As someone who is on a limited budget I am always on the look out for cheap toys, great deals and new dog beds for the kids.
Recently at Meijer (http://www.meijer.com/) I was able to get two "crate" dog beds on clearance for $22 each.  The beds were large, washable, and nice and fuzzy for the kids.  These are to replace 2 of the ruined dog beds from the sewer back up.
They also had "buy one toy, get the second for $1" and I was able to get 2 of Moo's favorites toys.  Bulldogs are known to suckle on toys, and these are her favorites to do that to:
Whenever I can find these sheep I have to by them! Moo will suck on them till they are soaked through wet and just destroyed.  Here she is sleeping with her pink sheep, so adorable isn't she?


My next FAVORITE shopping for a deal is doggyloot.com

This is like groupon for dogs.  Every day is something new, the items stay up for a few days or until sold out.


This is a screen grab of their site.  You can find them on twitter @doggyloot or the web
http://www.doggyloot.com/   and to the right is just one of  the awesome things I have ordered from them.  I order 2 braided Kong toys, a CASE of rice dog treats, Buddy Biscuits (fav's of my kids), a dog bed, wubba Kong toys, 4 - Tuff Enuff toys, and in all probably spent $165 total.  For all that!!! 
IT'S AWESOME!



This AWESOME guy is a Tuffy toy, http://www.amazon.com/Tuffys-Red-Alien-Lieutenant-Splock/dp/B0037LR7IW/ref=sr_1_27?ie=UTF8&qid=1344888638&sr=8-27&keywords=tuffy+toys+for+dogs  These aren't cheap but they are "tough" and last a long time, given you don't have a dog who sucks on everything.  My Moo sucked on his arms till they were destroyed. 


Another company that I  haven't tried yet but I hear is awesome (I love that word don't I?) is https://barkbox.com/  the cost varies and can be a monthly, 3 months, or 6 month plan.  Below are two pictures that are examples of what a box may contain.



Tuesday, July 3, 2012

Well it;s now hot in July and I'm sick!  Nothing like being sick for your birthday.  I have been off of work for a week and won't be going back till Thursday.  I have a sinus, ear, and throat infection along with bronchitis.  When I get sick, I get sick!

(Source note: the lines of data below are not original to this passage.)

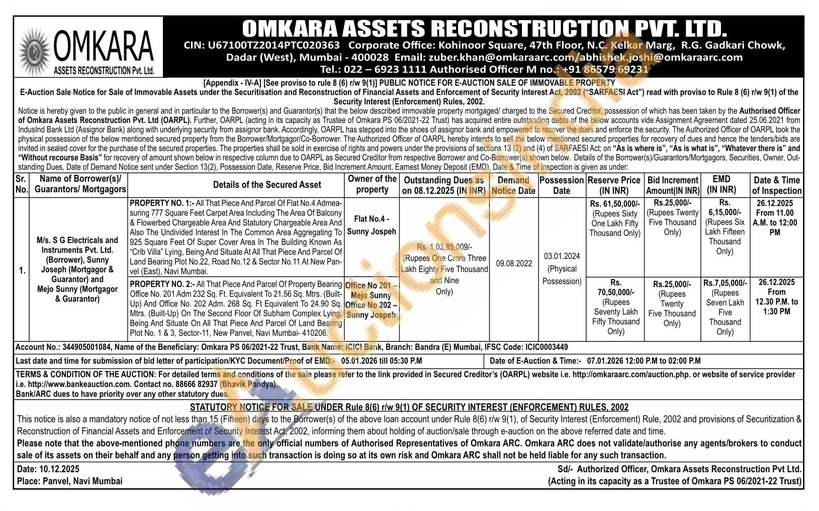 PROPERTY NO. 1:- All That Piece And Parcel Of Flat No.4 Admea-suring 777 Square Feet Carpet Area Including The Area Of Balcony & Flowerbed Chargeable Area And Statutory Chargeable Area And Also The Undivided Interest In The Common Area Aggregating To 925 Square Feet Of Super Cover Area In The Building Known As "Crib Villa" Lying, Being And Situate At All That Piece And Parcel Of Land Bearing Plot No.22, Road No. 12 & Sector No. 11 At New Pan-vel (East), Navi Mumbai.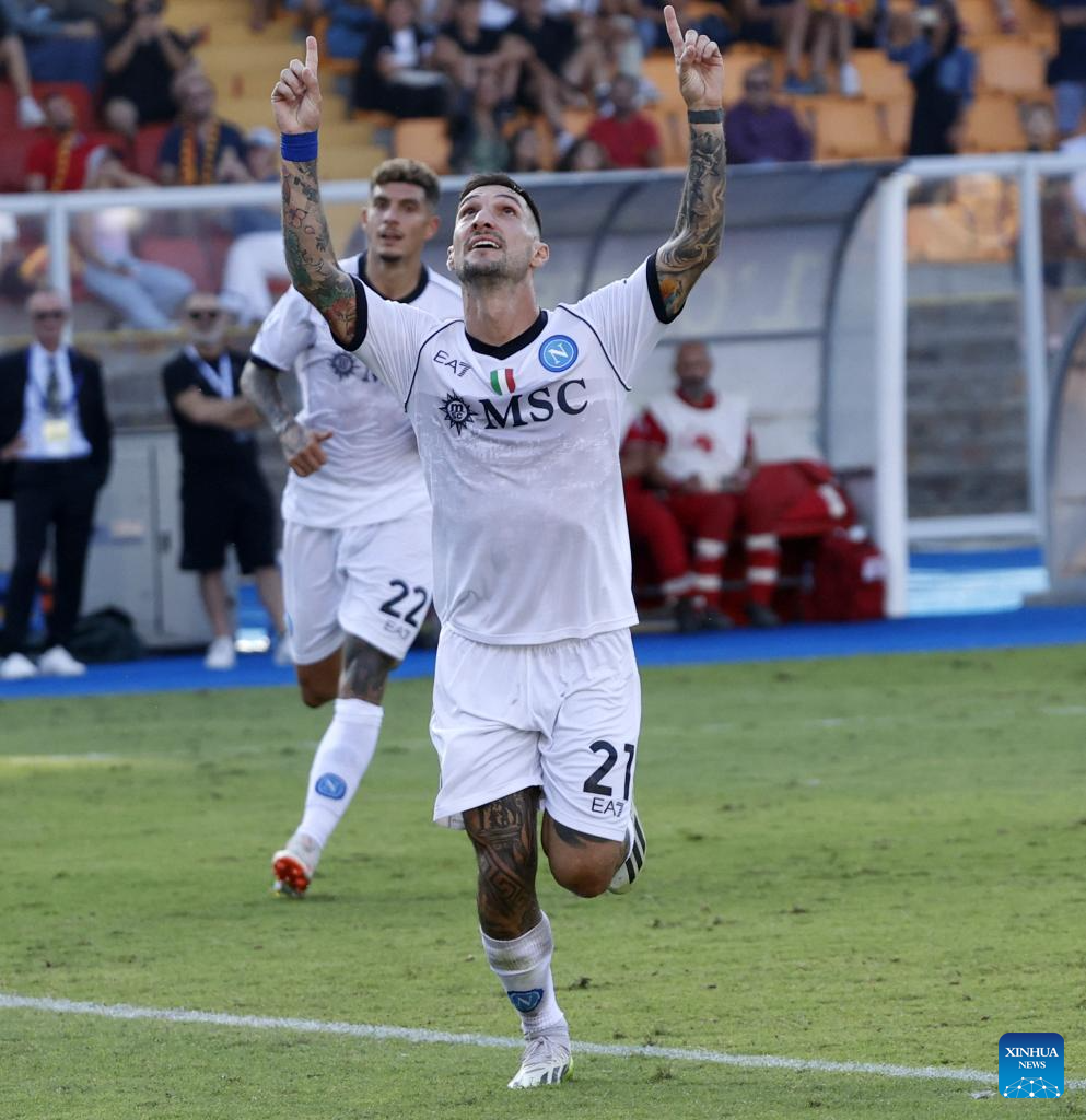 Napoli's Matteo Politano celebrates his goal during a Serie A football match between Lecce and Napoli in Lecce, Italy, Sept. 30, 2023. (Photo by Augusto Casasoli/Xinhua)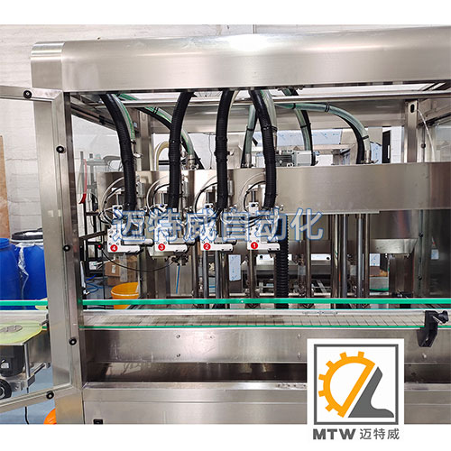 ● 灌裝頭在傳送帶上方探測(cè)到待灌裝的容器,灌裝頭迅速下降,并以與傳送帶相同的速度同步運(yùn)動(dòng),在同步運(yùn)動(dòng)的過程中,灌裝閥打開,將液體精準(zhǔn)地注入容器內(nèi),灌裝達(dá)到預(yù)設(shè)容量后,閥門關(guān)閉,灌裝頭抬升并快速返回起始位置,準(zhǔn)備下一個(gè)循環(huán),在運(yùn)動(dòng)中完成灌裝作業(yè)。

But my nurses have been at my side, on the left is Moo, the right is Mugsy with me in the middle.



Then Moo moved and cuddled up right by my side.

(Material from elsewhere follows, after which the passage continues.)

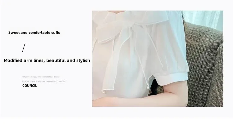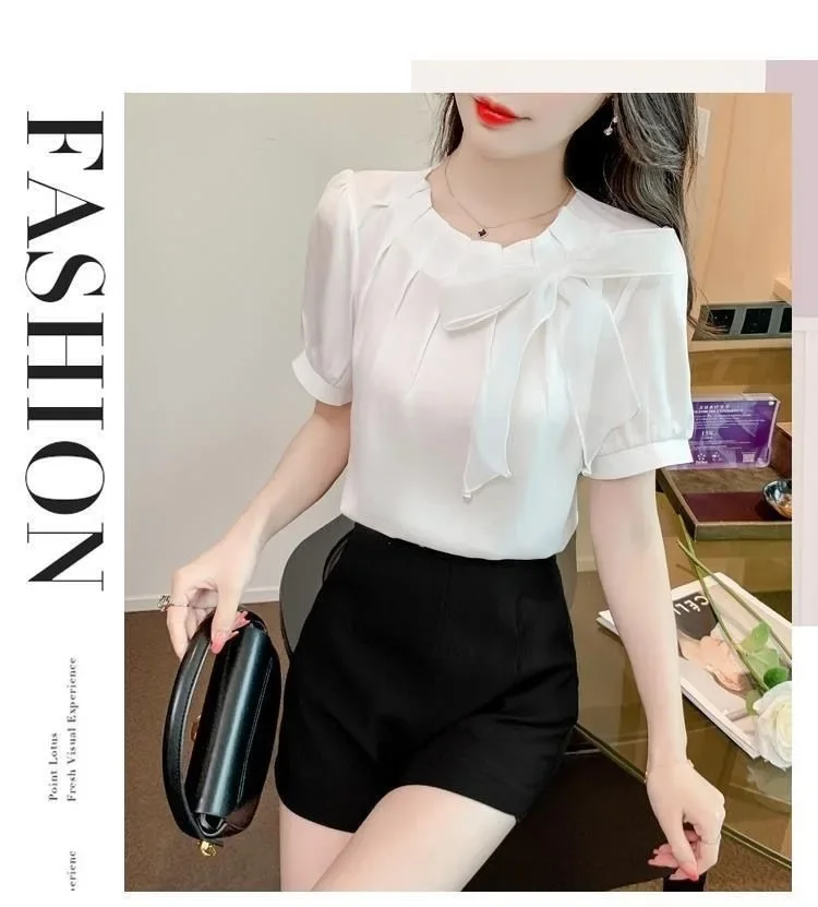 Summer New Elegant Korean Style Round Neck Ruffles Bow Short Sleeve Chiffon Blouse For Women Beautiful Sweet Little Blouse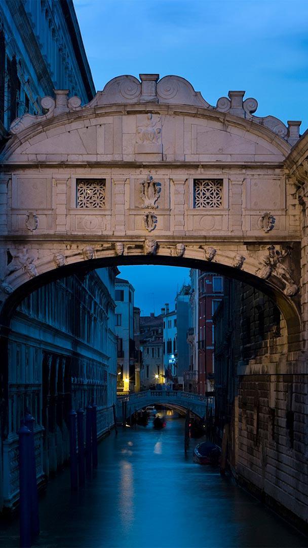 Beneath Venice"s Ponte dei Sospiri (Bridge of Sighs) is a popular place to kiss your beloved as a gondolier guides you through the city"s canals. But the sighs that the name refers to aren"t from staring into your darling"s eyes. The enclosed bridge, completed in 1600, connects the Prigioni Nuove (New Prison) to the interrogation rooms in the Doge"s Palace, and it is said that a prisoner"s last look at beautiful Venice would be from that bridge. And that"s reason enough to sigh indeed.

 Then, one morning Layla was a bad girl and attacked Moo because Moo looked at her while Mugsy was eating, Layla really has issues with food.  So Layla was put into a timeout for about an hour.  After that Layla would stand in my doorway, afraid to come in but wanting oh so badly to be close to me.  Well I feel asleep, and when I woke up, she was right next to me like this.   Could you still be mad at that face?  Nope, me neither.

Tuesday, June 26, 2012


Moo, the crazy child, decided one night, to sleep on my pillow, right up against me.  This was the shot.  She is such a silly girl.